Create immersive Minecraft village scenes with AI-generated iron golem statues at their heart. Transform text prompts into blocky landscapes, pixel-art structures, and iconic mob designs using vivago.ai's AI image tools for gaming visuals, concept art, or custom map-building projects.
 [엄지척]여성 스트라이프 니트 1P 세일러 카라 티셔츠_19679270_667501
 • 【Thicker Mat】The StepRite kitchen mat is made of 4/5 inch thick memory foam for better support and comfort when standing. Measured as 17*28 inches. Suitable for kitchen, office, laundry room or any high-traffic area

==

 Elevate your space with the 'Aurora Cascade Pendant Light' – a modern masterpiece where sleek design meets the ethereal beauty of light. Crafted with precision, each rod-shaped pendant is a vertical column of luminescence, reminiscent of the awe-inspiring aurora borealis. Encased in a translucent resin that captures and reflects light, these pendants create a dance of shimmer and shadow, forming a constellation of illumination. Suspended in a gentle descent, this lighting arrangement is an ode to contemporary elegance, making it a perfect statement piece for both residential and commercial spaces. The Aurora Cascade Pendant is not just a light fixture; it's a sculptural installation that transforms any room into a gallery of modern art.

● WHAT THE TASK ASKS
The lines above, starting at the one with "[엄지척]여성 스트라이프 니트" and ending at the one with "any high-traffic area", are the only ones to return, exactly as written.

● RESPONSE TO THIS TASK
 [엄지척]여성 스트라이프 니트 1P 세일러 카라 티셔츠_19679270_667501
 • 【Thicker Mat】The StepRite kitchen mat is made of 4/5 inch thick memory foam for better support and comfort when standing. Measured as 17*28 inches. Suitable for kitchen, office, laundry room or any high-traffic area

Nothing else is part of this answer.